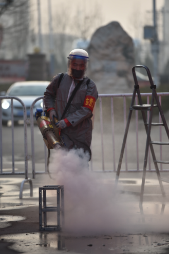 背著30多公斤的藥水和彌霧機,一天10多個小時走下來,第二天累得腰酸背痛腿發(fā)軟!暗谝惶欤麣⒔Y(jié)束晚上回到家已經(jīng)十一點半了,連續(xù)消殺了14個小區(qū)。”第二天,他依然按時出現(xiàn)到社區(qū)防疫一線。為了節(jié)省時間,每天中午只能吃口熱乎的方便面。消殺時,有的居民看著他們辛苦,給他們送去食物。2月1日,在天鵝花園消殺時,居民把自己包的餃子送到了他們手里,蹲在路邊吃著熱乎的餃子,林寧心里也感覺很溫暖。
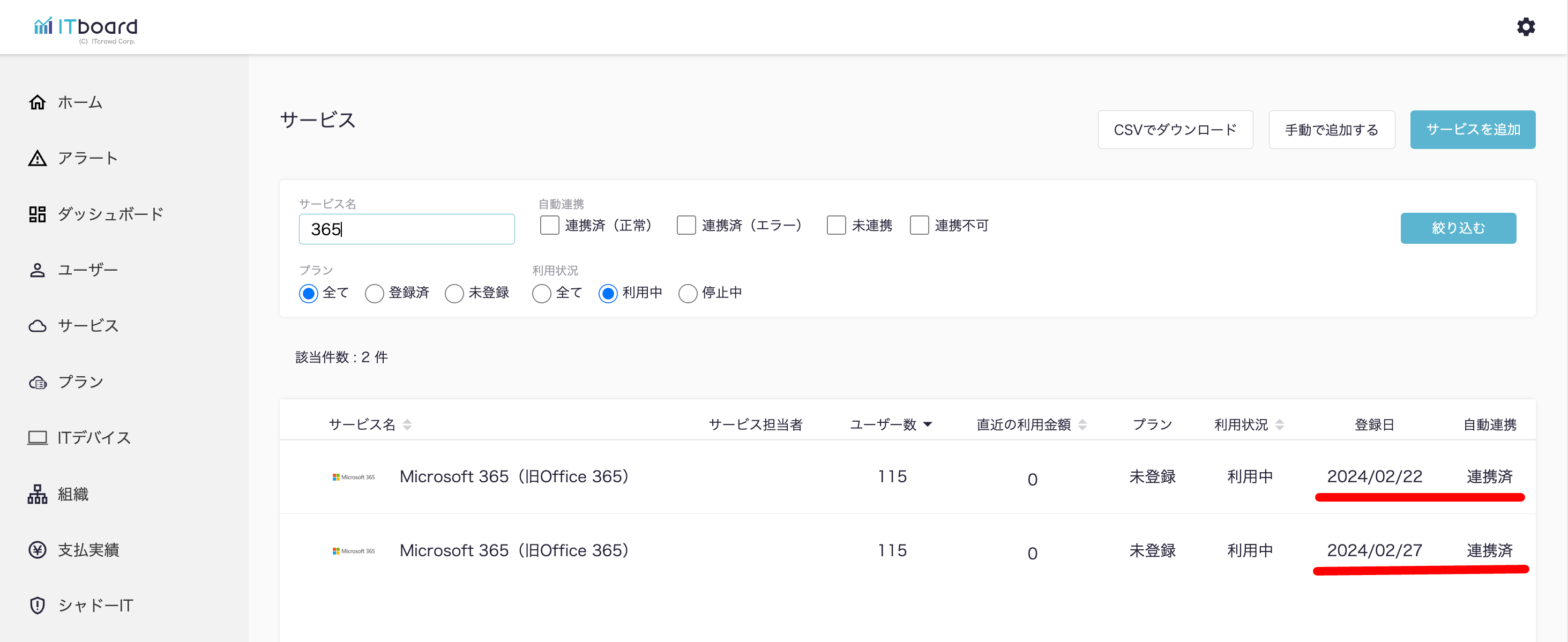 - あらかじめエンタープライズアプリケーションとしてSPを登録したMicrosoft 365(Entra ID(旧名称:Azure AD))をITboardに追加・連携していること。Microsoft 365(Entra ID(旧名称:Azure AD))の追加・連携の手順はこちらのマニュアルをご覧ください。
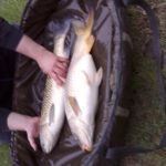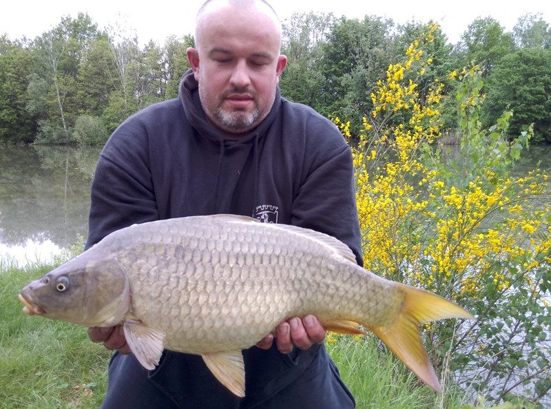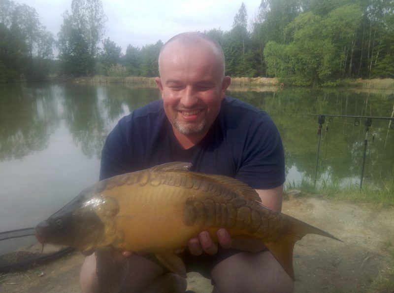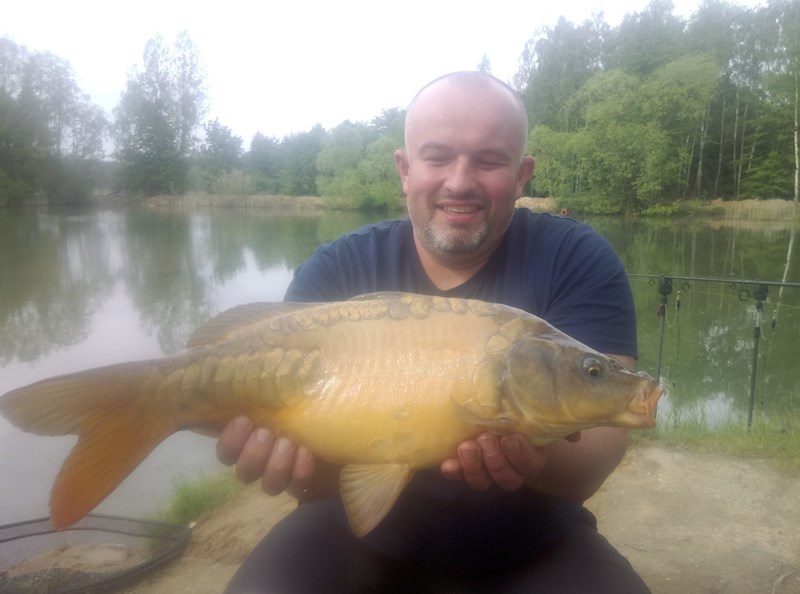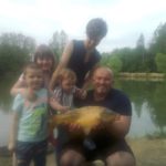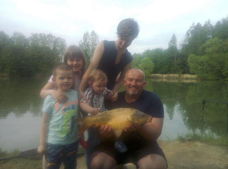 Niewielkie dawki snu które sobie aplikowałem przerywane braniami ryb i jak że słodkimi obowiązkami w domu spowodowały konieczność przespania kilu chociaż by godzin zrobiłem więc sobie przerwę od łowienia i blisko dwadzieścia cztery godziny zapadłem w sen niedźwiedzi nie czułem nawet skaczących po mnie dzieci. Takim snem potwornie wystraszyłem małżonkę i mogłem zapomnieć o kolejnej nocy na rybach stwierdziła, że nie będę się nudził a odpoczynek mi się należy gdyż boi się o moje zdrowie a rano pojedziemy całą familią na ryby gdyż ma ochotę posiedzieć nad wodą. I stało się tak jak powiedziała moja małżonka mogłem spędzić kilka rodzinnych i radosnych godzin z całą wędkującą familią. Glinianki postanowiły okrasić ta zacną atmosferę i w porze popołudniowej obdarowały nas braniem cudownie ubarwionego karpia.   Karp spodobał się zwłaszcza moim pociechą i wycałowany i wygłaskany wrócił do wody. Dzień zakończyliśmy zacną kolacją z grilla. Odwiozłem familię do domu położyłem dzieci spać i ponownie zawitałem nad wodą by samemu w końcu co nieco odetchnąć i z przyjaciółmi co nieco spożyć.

● **What you will do**: Restate the data above word for word, omitting every picture.

● **Solution to this task**:
 背著30多公斤的藥水和彌霧機,一天10多個小時走下來,第二天累得腰酸背痛腿發(fā)軟!暗谝惶欤麣⒔Y(jié)束晚上回到家已經(jīng)十一點半了,連續(xù)消殺了14個小區(qū)。”第二天,他依然按時出現(xiàn)到社區(qū)防疫一線。為了節(jié)省時間,每天中午只能吃口熱乎的方便面。消殺時,有的居民看著他們辛苦,給他們送去食物。2月1日,在天鵝花園消殺時,居民把自己包的餃子送到了他們手里,蹲在路邊吃著熱乎的餃子,林寧心里也感覺很溫暖。
 - あらかじめエンタープライズアプリケーションとしてSPを登録したMicrosoft 365(Entra ID(旧名称:Azure AD))をITboardに追加・連携していること。Microsoft 365(Entra ID(旧名称:Azure AD))の追加・連携の手順はこちらのマニュアルをご覧ください。
 Niewielkie dawki snu które sobie aplikowałem przerywane braniami ryb i jak że słodkimi obowiązkami w domu spowodowały konieczność przespania kilu chociaż by godzin zrobiłem więc sobie przerwę od łowienia i blisko dwadzieścia cztery godziny zapadłem w sen niedźwiedzi nie czułem nawet skaczących po mnie dzieci. Takim snem potwornie wystraszyłem małżonkę i mogłem zapomnieć o kolejnej nocy na rybach stwierdziła, że nie będę się nudził a odpoczynek mi się należy gdyż boi się o moje zdrowie a rano pojedziemy całą familią na ryby gdyż ma ochotę posiedzieć nad wodą. I stało się tak jak powiedziała moja małżonka mogłem spędzić kilka rodzinnych i radosnych godzin z całą wędkującą familią. Glinianki postanowiły okrasić ta zacną atmosferę i w porze popołudniowej obdarowały nas braniem cudownie ubarwionego karpia.   Karp spodobał się zwłaszcza moim pociechą i wycałowany i wygłaskany wrócił do wody. Dzień zakończyliśmy zacną kolacją z grilla. Odwiozłem familię do domu położyłem dzieci spać i ponownie zawitałem nad wodą by samemu w końcu co nieco odetchnąć i z przyjaciółmi co nieco spożyć.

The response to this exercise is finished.